ICFTU OnLine – June 8, 2006

Brussels, 8 June 2006 (ICFTU Online): In a report published by the ICFTU to coincide with the trade policy review of Iceland at the WTO this week, the Icelandic government is criticised for intervening in the country’s industrial relations. Again and again the Icelandic government has interrupted collective bargaining processes and denied certain groups of workers the right to strike.

Though law and practice in Iceland generally complies with internationally recognised labour standards, including trade union rights, one category of workers – workers on fishing vessels – have found it difficult to exercise their rights to both collective bargaining and to strike.

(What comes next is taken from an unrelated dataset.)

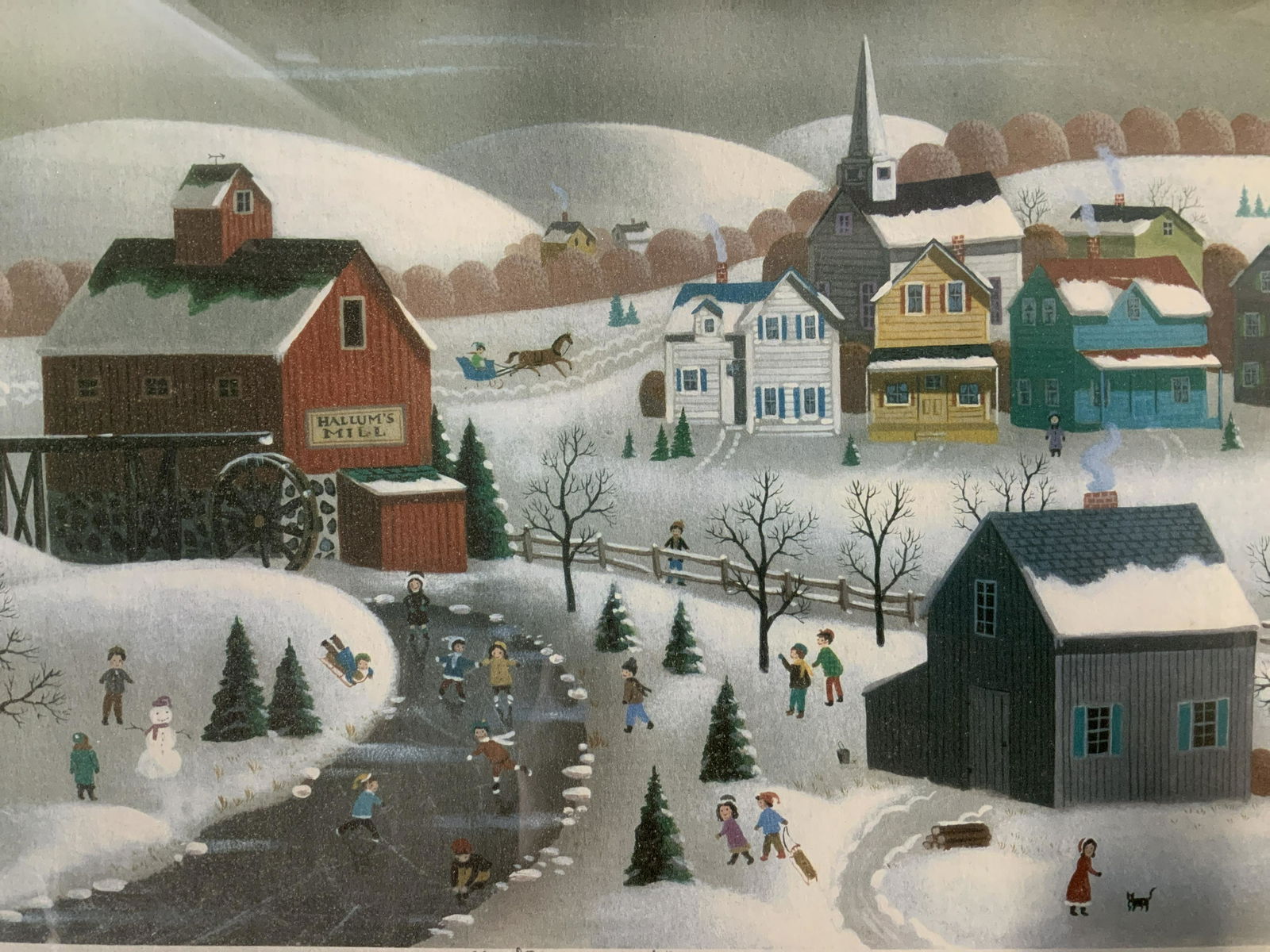 STEVEN HEN Signed Skating Pond Offset Lithograph

Thus, disputes between certain fishers’ trade unions and the federation of the fishing vessel owners concerning the determination of the fishers’ wages and terms of employment have on numerous occasions led to government interventions, with the effect of fixing fishers’ wages and terms of employment through the imposition of arbitration processes.

“The Icelandic Government’s interference in industrial relations in the fishing industry has been a stain on an otherwise great democratic and industrial tradition,” said ICFTU General Secretary, Guy Ryder. “”They should change this legislation right away so that there can be no doubt that all Iceland’s workers have these fundamental rights”, Ryder emphasised.

The concerns of the ICFTU are shared by the International Labour Organisation, the UN body assigned to deal with issues related to the world of work. Thus, it has frequently criticised Iceland for imposing solutions which should be the result of free and voluntary collective bargaining and for intervening in industrial disputes, in effect disrupting fully legal strikes by fishers. Indeed, the ILO has found it necessary to emphasise to the Icelandic government that the right to strike may only be restricted in services the interruption of which would endanger the life, personal safety or health of the whole or part of the population, and that a work stoppage in the Icelandic fishing industry does not seem to do so.

“The government must refrain from interfering in industrial relations in the way it is presently doing, in order to comply with the commitments Iceland accepted in the WTO Ministerial Declarations in Singapore in 1996 and Doha in 2001, and in the ILO Declaration on Fundamental Principles and Rights at Work adopted in June 1998,” Ryder concluded.